INFORMATION:
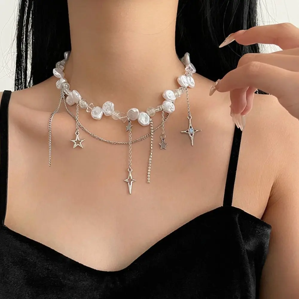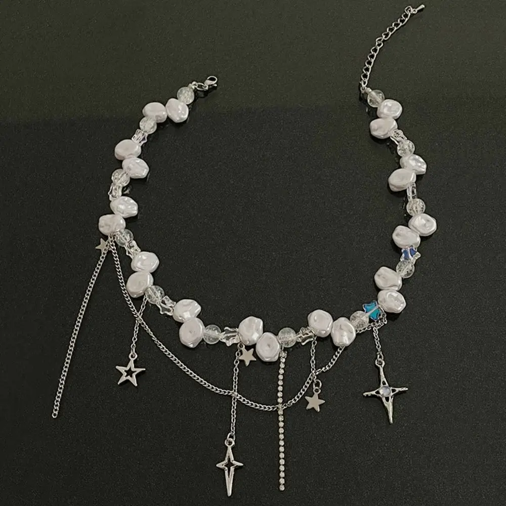 The Collar Bone Baroque Pearl Choker Necklace is a bold and trendy accessory designed for modern women who love making a statement. Featuring a unique mix of baroque pearls, colorful beads, and whimsical star accents, this choker is the perfect combination of elegance and hipster fashion. With its overlay pearl chain design, this necklace sits gracefully on the collarbone, adding a touch of playfulness and sophistication to any outfit.
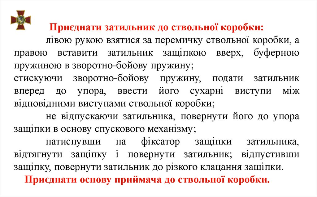 Приєднати затильник до ствольної коробки:лівою рукою взятися за перемичку ствольної коробки, а
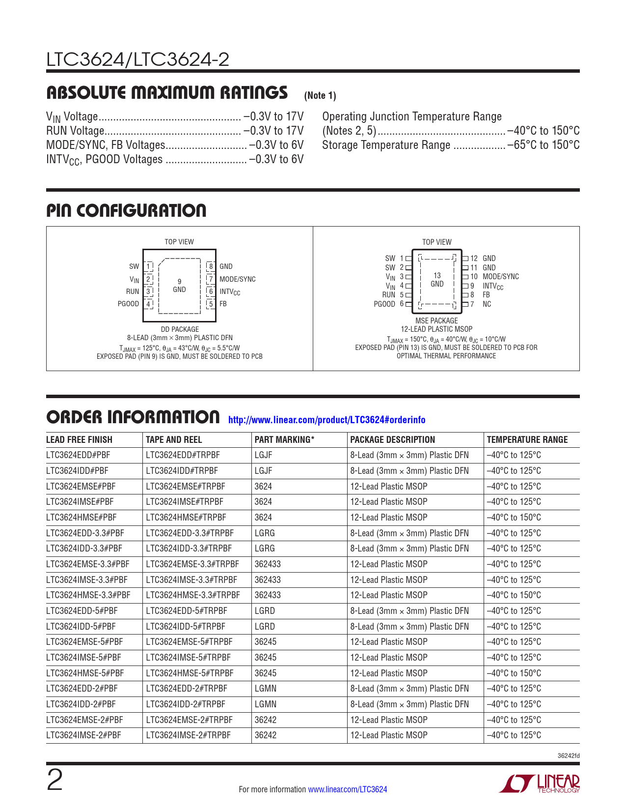 absoluTe MaxiMuM raTings (Note 1). pin conFiguraTion. orDer inForMaTion http://www.linear.com/product/LTC3624#orderinfo
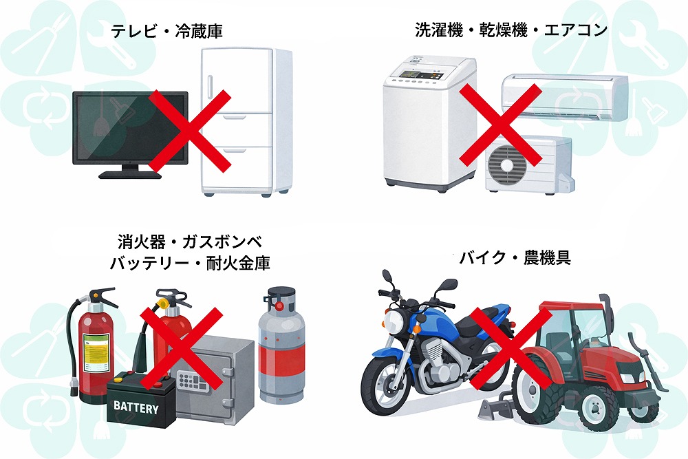回収不可品が1点でも混ざると手間が増えます。迷う場合は、回収不可品が混ざる場合の相談窓口を使うと、処分方法の切り分けがスムーズです。
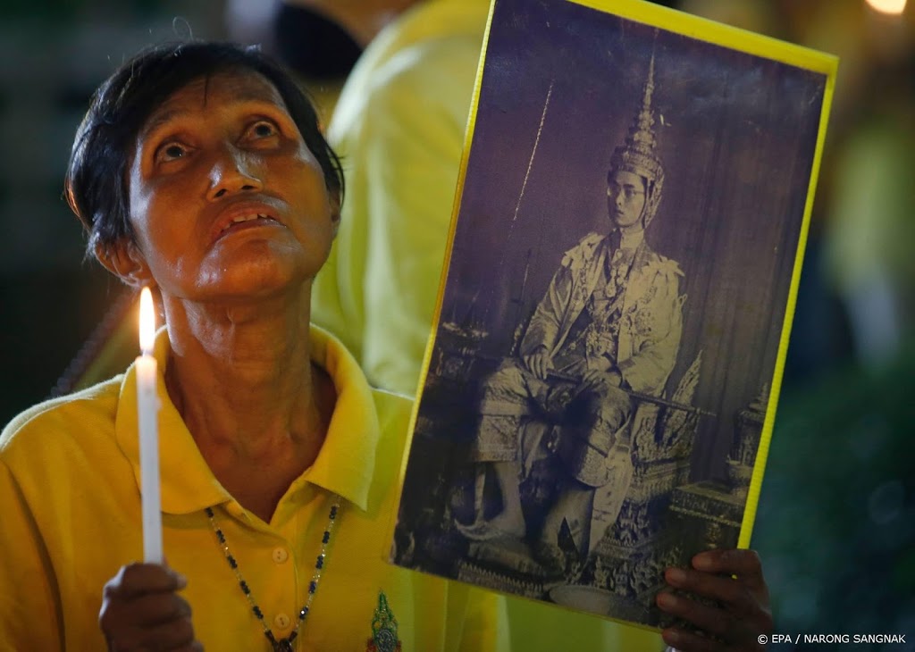 Thai waren dinsdag al vroeg op de been om eer te betonen aan de op 13 oktober 2016 overleden koning Bhumibol Adulyadej. Dat gebeurde onder meer bij het Koninklijk Paleis in Bangkok, waar zich lange rijen vormden om te bidden bij het standbeeld van de vereerde vorst dat daar staat opgesteld.
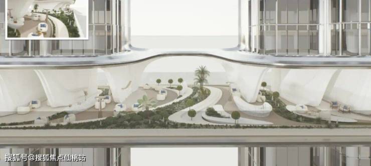 如何用住宅业态,做出足以代表城市的地标?扎哈团队设计了双塔,并把双塔在28层、29层相连,设计出了百米凌空会所。将云端餐吧、艺术展厅、茶室、健身房、瑜伽室等功能汇聚。
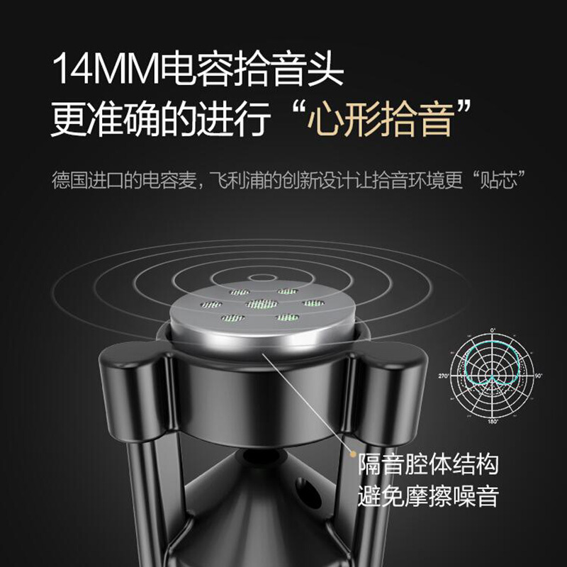 飞利浦K38001 手机麦克风 主播直播全民K歌专用话筒 苹果安卓电容麦 电脑家庭音响唱歌 香槟金
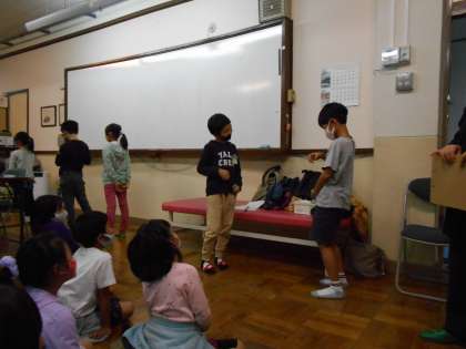 その後,自己紹介の方法を教えてもらったり,伝達ゲームやジェスチャーゲームをしました。
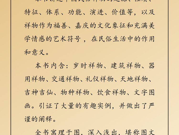 本書內含:歲時祥物、建築祥物、器用祥物、交通祥物、禮儀祥物、天地祥物、吉神吉仙、物種祥物、飲食祥物、文字圖畫。引證了大量的有趣實例,並做出了嚴謹的闡釋。
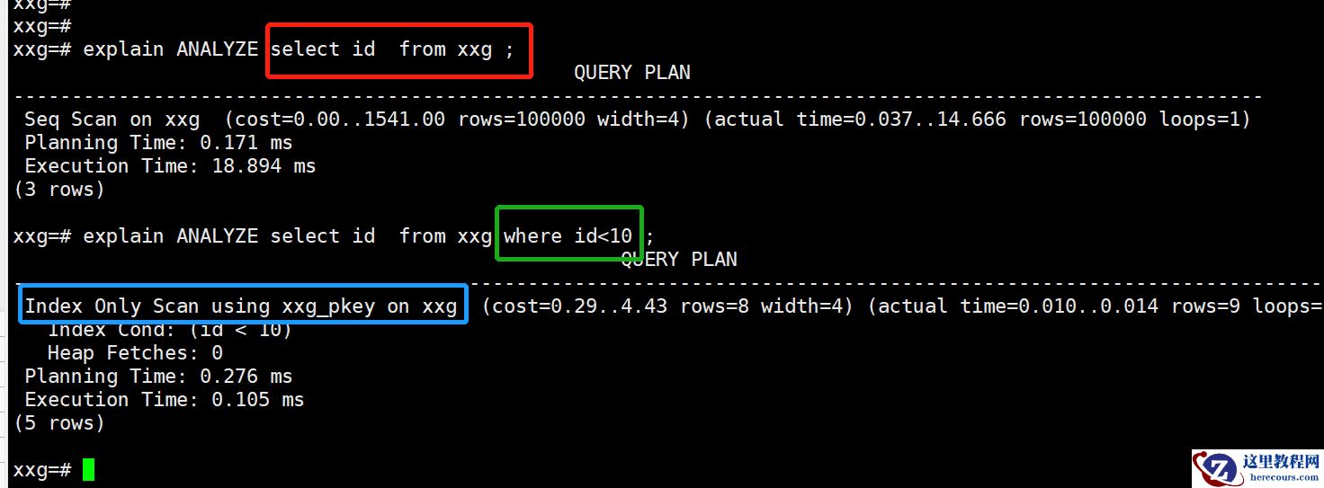 只有到了使用where条件以后的,select id,才出现了期望得到的仅使用索引的 index only scan的效果。(这里我是和灿灿问了一下,确定了和我最初想法不一样)这个是类似MySQL索引覆盖的效果。
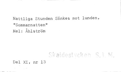 //// Nattliga Stunden Sänkes mot lunden, "Sommarnatten" //// Mel: Åhlström //// Del XI, nr 13 ////
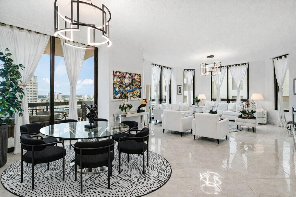 This 3 Bedroom & 2.5 Bathroom luxury corner condo boasts breathtaking panoramic skyline & sunset views over Clear Lake! Dramatic floor-to-ceiling windows,high ceilings,dedicated foyer,full-size upgraded laundry room,and parking on low ''M'' level are just a few of the features that separates this spacious 1858sqft luxury condo. In addition,hardwood,marble & tile flooring throughout,incredible closet space,crown-molding,tray ceilings,light granite counters in gourmet kitchen. Fully furnished turnkey with stunning finishes to truly enjoy your summer season in luxury. Located just moments from dining,shopping,nightlife,and cultural attractions,Two City Plaza offers full-service,resort-style amenities in one of downtown's most desirable addresses. Amenities in this full-service building are endless; 24-hr security,concierge,roof top pool,hot tub,sauna,steam room,fully renovated state of the art fitness center/gym,outdoor kitchen w/ BBQ area and all NEW Restoration Hardware furniture,outdoor & indoor movie theaters,club room,table tennis,lanai courtyard w/ water feature,renovated roof top dog park area,complimentary valet parking & exceptional staff. Centrally located in the heart of Downtown West Palm Beach,across from One Flagler offices,7 minutes to PBIA airport,award winning restaurants and shopping,and walking to Worth Ave,Palm Beach. MLS ID R11167818
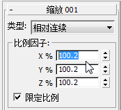 由于已启用“限定比例”,因此“Y %”和“Z %”因子也会更新为 100.2。
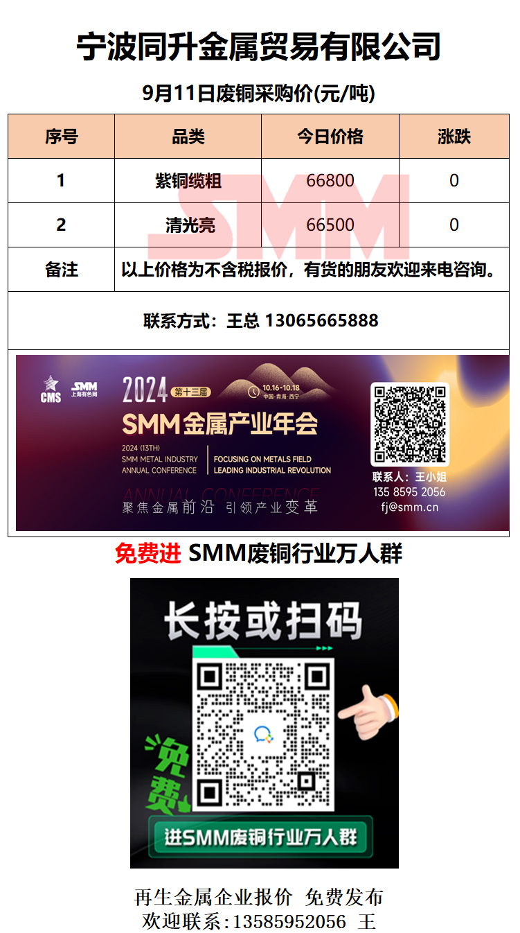 9月11日同升金属 废铜采购报价
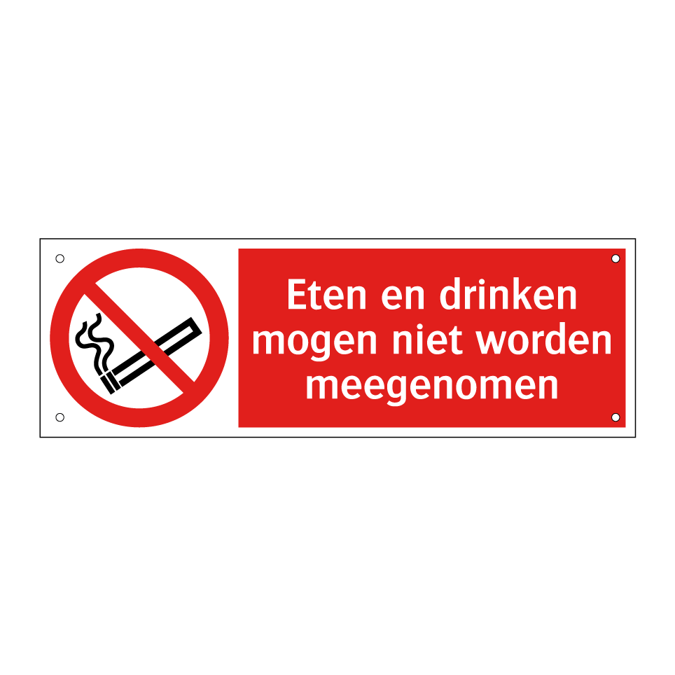 Verbodsbord met de tekst Eten en drinken mogen niet worden meegenomen
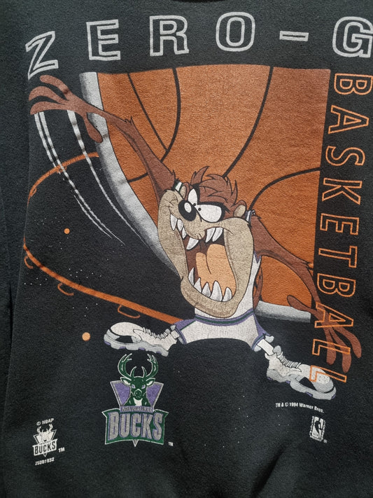 True Vintage Rare Looney Tunes 1994 Taz Milwaukee Bucks Sweater Small
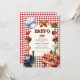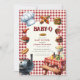 Lancez le grill pour une fête de baby shower amusante et savoureuse avec cette invitation charmant "Baby-Q"! Avec d'adorables aquarelles illustrant les plats classiques du barbecue comme les hamburgers, les hot dogs, le maïs sur le berceau et les haricots à la sauce tomate, le tout dressé contre un arrière - plan en vichy classique rouge et blanc. Cette invitation reflète parfaitement l'esprit décontracté et festif d'un baby shower jardin BBQ. Idéal pour inviter amis et famille à honorer les parents à l'occasion d'un événement délicieux et mémorable. Faites de votre baby shower un succès "fumeur" grâce à ce design unique et attrayant.

EXERCISE DESCRIPTION: A word-for-word copy of the listing is the goal; keep every picture out of it.

SOLUTION TO THE PROBLEM:
 The Collar Bone Baroque Pearl Choker Necklace is a bold and trendy accessory designed for modern women who love making a statement. Featuring a unique mix of baroque pearls, colorful beads, and whimsical star accents, this choker is the perfect combination of elegance and hipster fashion. With its overlay pearl chain design, this necklace sits gracefully on the collarbone, adding a touch of playfulness and sophistication to any outfit.
 Приєднати затильник до ствольної коробки:лівою рукою взятися за перемичку ствольної коробки, а
 absoluTe MaxiMuM raTings (Note 1). pin conFiguraTion. orDer inForMaTion http://www.linear.com/product/LTC3624#orderinfo
回収不可品が1点でも混ざると手間が増えます。迷う場合は、回収不可品が混ざる場合の相談窓口を使うと、処分方法の切り分けがスムーズです。
 Thai waren dinsdag al vroeg op de been om eer te betonen aan de op 13 oktober 2016 overleden koning Bhumibol Adulyadej. Dat gebeurde onder meer bij het Koninklijk Paleis in Bangkok, waar zich lange rijen vormden om te bidden bij het standbeeld van de vereerde vorst dat daar staat opgesteld.
 如何用住宅业态,做出足以代表城市的地标?扎哈团队设计了双塔,并把双塔在28层、29层相连,设计出了百米凌空会所。将云端餐吧、艺术展厅、茶室、健身房、瑜伽室等功能汇聚。
 飞利浦K38001 手机麦克风 主播直播全民K歌专用话筒 苹果安卓电容麦 电脑家庭音响唱歌 香槟金
 その後,自己紹介の方法を教えてもらったり,伝達ゲームやジェスチャーゲームをしました。
 本書內含:歲時祥物、建築祥物、器用祥物、交通祥物、禮儀祥物、天地祥物、吉神吉仙、物種祥物、飲食祥物、文字圖畫。引證了大量的有趣實例,並做出了嚴謹的闡釋。
 只有到了使用where条件以后的,select id,才出现了期望得到的仅使用索引的 index only scan的效果。(这里我是和灿灿问了一下,确定了和我最初想法不一样)这个是类似MySQL索引覆盖的效果。
 //// Nattliga Stunden Sänkes mot lunden, "Sommarnatten" //// Mel: Åhlström //// Del XI, nr 13 ////
 This 3 Bedroom & 2.5 Bathroom luxury corner condo boasts breathtaking panoramic skyline & sunset views over Clear Lake! Dramatic floor-to-ceiling windows,high ceilings,dedicated foyer,full-size upgraded laundry room,and parking on low ''M'' level are just a few of the features that separates this spacious 1858sqft luxury condo. In addition,hardwood,marble & tile flooring throughout,incredible closet space,crown-molding,tray ceilings,light granite counters in gourmet kitchen. Fully furnished turnkey with stunning finishes to truly enjoy your summer season in luxury. Located just moments from dining,shopping,nightlife,and cultural attractions,Two City Plaza offers full-service,resort-style amenities in one of downtown's most desirable addresses. Amenities in this full-service building are endless; 24-hr security,concierge,roof top pool,hot tub,sauna,steam room,fully renovated state of the art fitness center/gym,outdoor kitchen w/ BBQ area and all NEW Restoration Hardware furniture,outdoor & indoor movie theaters,club room,table tennis,lanai courtyard w/ water feature,renovated roof top dog park area,complimentary valet parking & exceptional staff. Centrally located in the heart of Downtown West Palm Beach,across from One Flagler offices,7 minutes to PBIA airport,award winning restaurants and shopping,and walking to Worth Ave,Palm Beach. MLS ID R11167818
 由于已启用“限定比例”,因此“Y %”和“Z %”因子也会更新为 100.2。
 9月11日同升金属 废铜采购报价
 Verbodsbord met de tekst Eten en drinken mogen niet worden meegenomen
 True Vintage Rare Looney Tunes 1994 Taz Milwaukee Bucks Sweater Small
 Lancez le grill pour une fête de baby shower amusante et savoureuse avec cette invitation charmant "Baby-Q"! Avec d'adorables aquarelles illustrant les plats classiques du barbecue comme les hamburgers, les hot dogs, le maïs sur le berceau et les haricots à la sauce tomate, le tout dressé contre un arrière - plan en vichy classique rouge et blanc. Cette invitation reflète parfaitement l'esprit décontracté et festif d'un baby shower jardin BBQ. Idéal pour inviter amis et famille à honorer les parents à l'occasion d'un événement délicieux et mémorable. Faites de votre baby shower un succès "fumeur" grâce à ce design unique et attrayant.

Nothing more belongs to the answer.